Phenocrysts in pyroclastic sediment gravity flow deposits are generally more broken than those in lavas. Crystal abundance, ranging from near 0 to about 50 percent, is greater in the matrix than in enclosed pumice fragments. This, together with rounding of pumice and abundance of fines (particles <1\16 mm) is evidence that pumice is abraded during flowage. Large volumes of fine-grained ash are elutriated from such flows to form ash shards whose deposits may outdistance those of the flow by >1000 km. Most large-volume pyroclastic flow deposits are calcalkaline dacite to rhyolite, thus phenocrysts include euhedral, doubly terminated quartz, sanidine and plagioclase with minor amphibole, pyroxene, biotite, iron-titanium oxide crystals and minor zircon and sphene. In more alkaline rocks, anorthoclase is the dominant feldspar.
Pumice fragments tend to show inverse grading, the largest occuring at the top of a flow. Denser lithic fragments concentrate toward the base. Inverse grading of pumice is caused by buoyant rise during flow. Inverse grading of lithic fragments is likely due to shear effects at the lower boundary (Schmincke, 1967; Fisher and Mattinson, 1968; Sparks, 1976) (Fig.11). Maximum sizes of lithic and pumice fragments decrease with distance from source (Kuno et al., 1964).
Multiple grading (and bedding) may develop from separate flows of the same composition repeated at relatively short time intervals (Sparks, 1976), by topographic splitting of the flow front which advances around obstacles and reunites on their opposite side (Fisher, 1990), and mechanical segregation of different fragment sizes due to shearing within a high concentration flow (Fisher and Schmincke, 1984).

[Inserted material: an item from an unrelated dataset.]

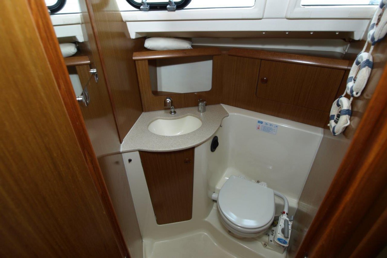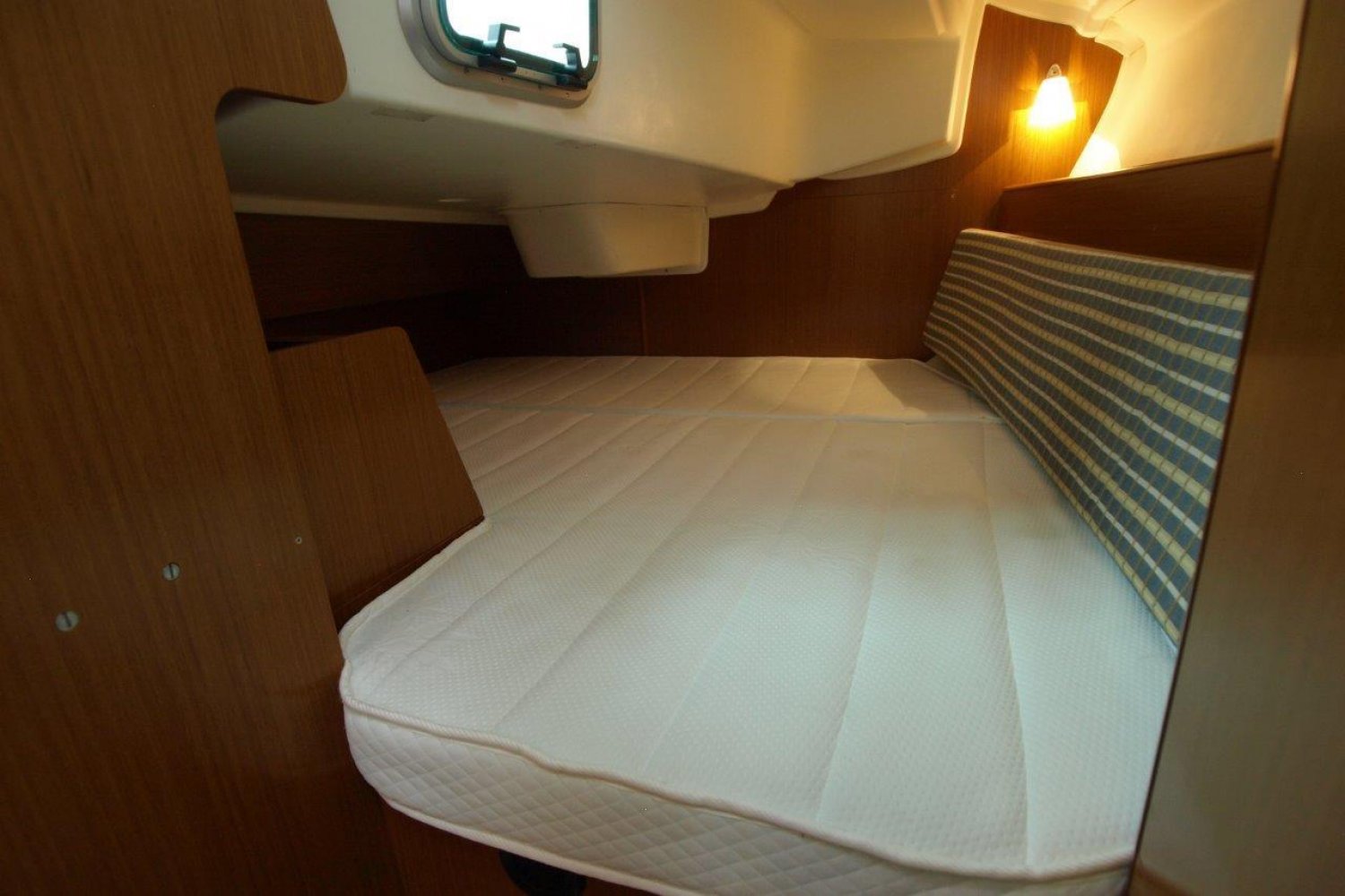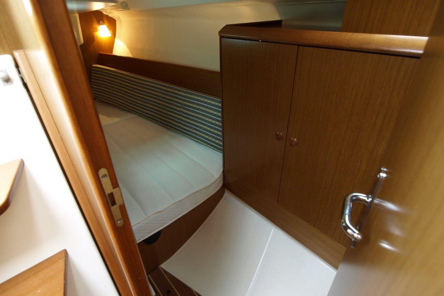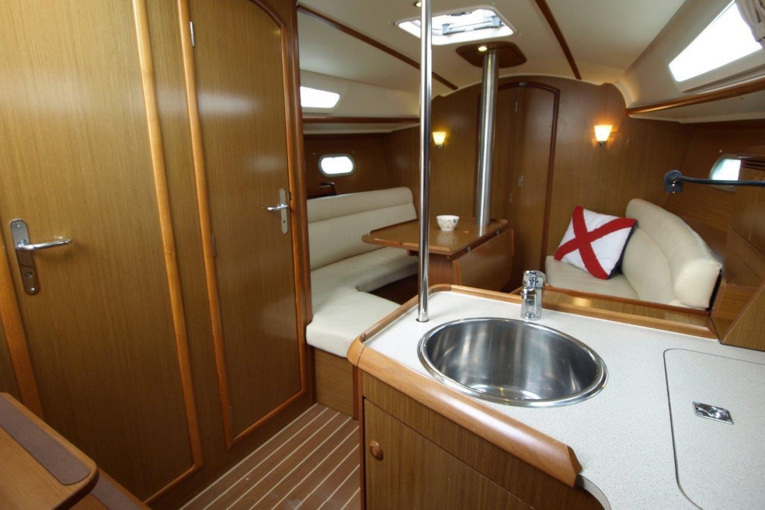 Binnen in het schip treft u een gezellig, licht en ruim interieur aan. Achter in het schip treft u de eerste dubbele hut, met een bijzonder ruim bed en voldoende opbergmogelijkheden. In de piek van het schip is de tweede dubbele hut. Verder is dit schip uiteraard voorzien van een natte cel en een praktische kombuis.

Pyroclastic surge deposits are thinly to thickly laminated and many have planar but slightly wavy bedded structures. Their most characteristic feature is wavy-, lenticular- or low angle cross bedding (Fisher and Schmincke, 1984), but in many instances they are thin and massive and some closely resemble dunes of medium sized sand (Sigurdsson et al., 1987). Many contain lenses of well-sorted and well-rounded pumice lapilli. In cases where deposits are planar and poor in fines similar to fallout deposits, they are distinguished from fallout because large fragments move into place during flow rather than impact from fall and thus do not form bedding sags.
Pyroclastic surge deposits are better sorted and more enriched in crystal and lithic fragments than pyroclastic flow deposits. Surge deposits have a more restricted grain size than pyroclastic flow deposits, lacking both the very fine and the coarse fractions. Sorting values of surges are intermediate between flows and fallout, but there is wide overlap.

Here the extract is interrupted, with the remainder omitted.